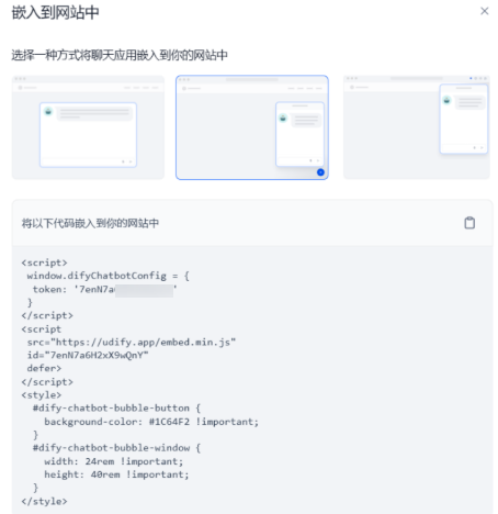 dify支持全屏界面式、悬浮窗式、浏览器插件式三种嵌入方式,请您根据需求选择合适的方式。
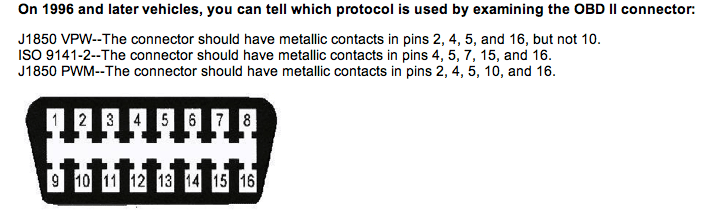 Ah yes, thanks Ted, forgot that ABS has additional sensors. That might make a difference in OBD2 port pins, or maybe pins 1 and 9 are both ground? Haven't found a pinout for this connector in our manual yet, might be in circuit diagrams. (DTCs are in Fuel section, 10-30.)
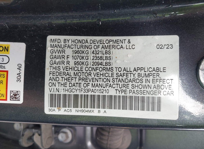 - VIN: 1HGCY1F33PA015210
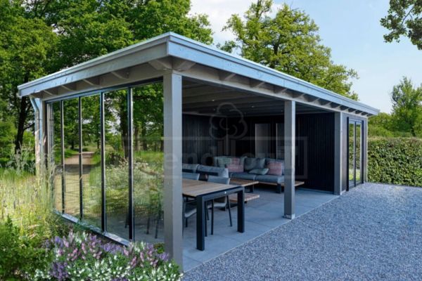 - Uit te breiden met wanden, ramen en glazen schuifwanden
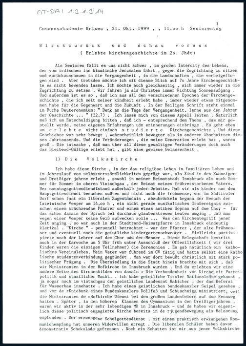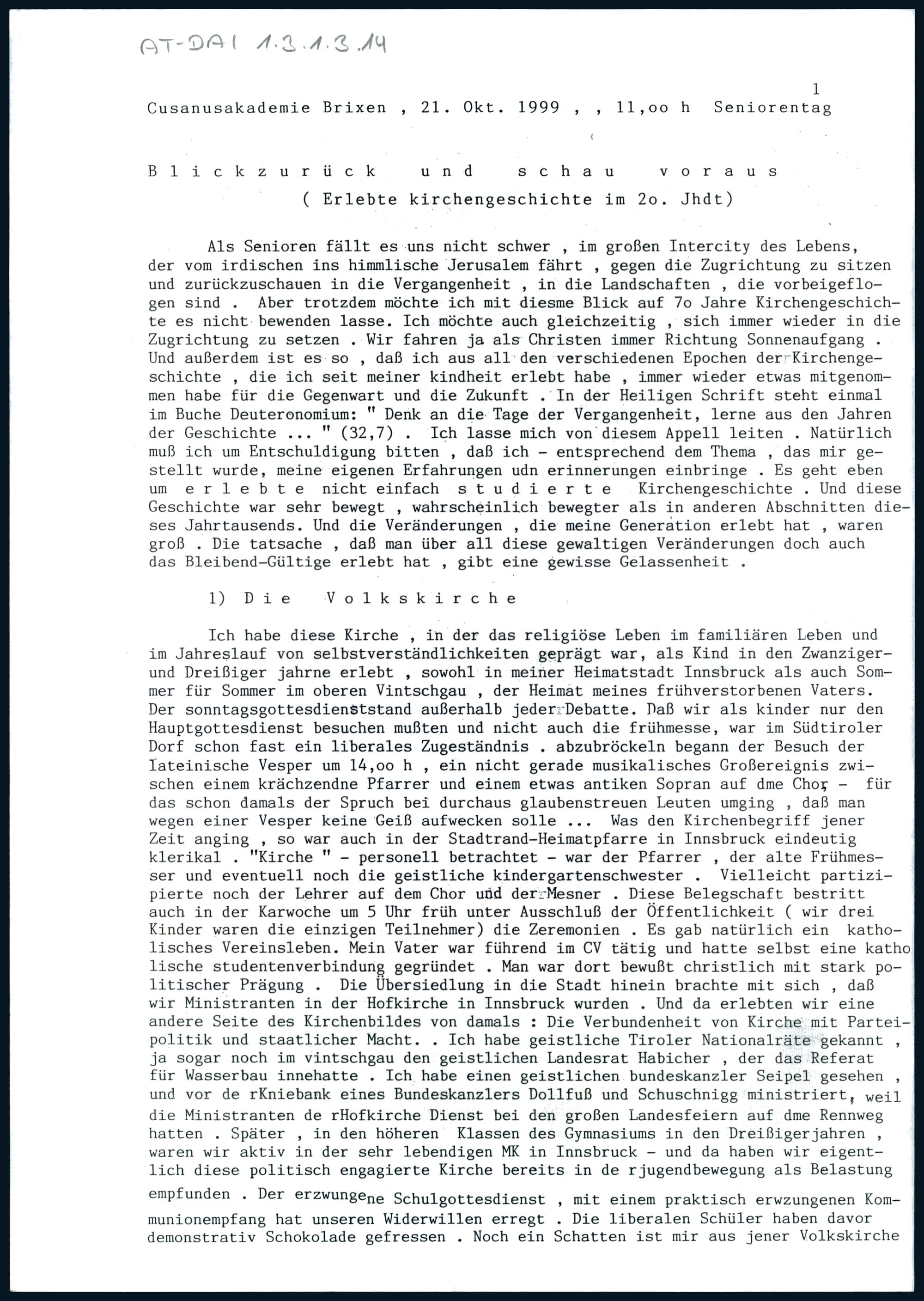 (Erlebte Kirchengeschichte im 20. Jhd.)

WORK INSTRUCTION
Only the lines from the one containing "Ah yes, thanks" through the last line of the entries above belong in the copy; reproduce them exactly and drop every picture.

RESPONSE TO THIS TASK
 Ah yes, thanks Ted, forgot that ABS has additional sensors. That might make a difference in OBD2 port pins, or maybe pins 1 and 9 are both ground? Haven't found a pinout for this connector in our manual yet, might be in circuit diagrams. (DTCs are in Fuel section, 10-30.)
 - VIN: 1HGCY1F33PA015210
 - Uit te breiden met wanden, ramen en glazen schuifwanden
 (Erlebte Kirchengeschichte im 20. Jhd.)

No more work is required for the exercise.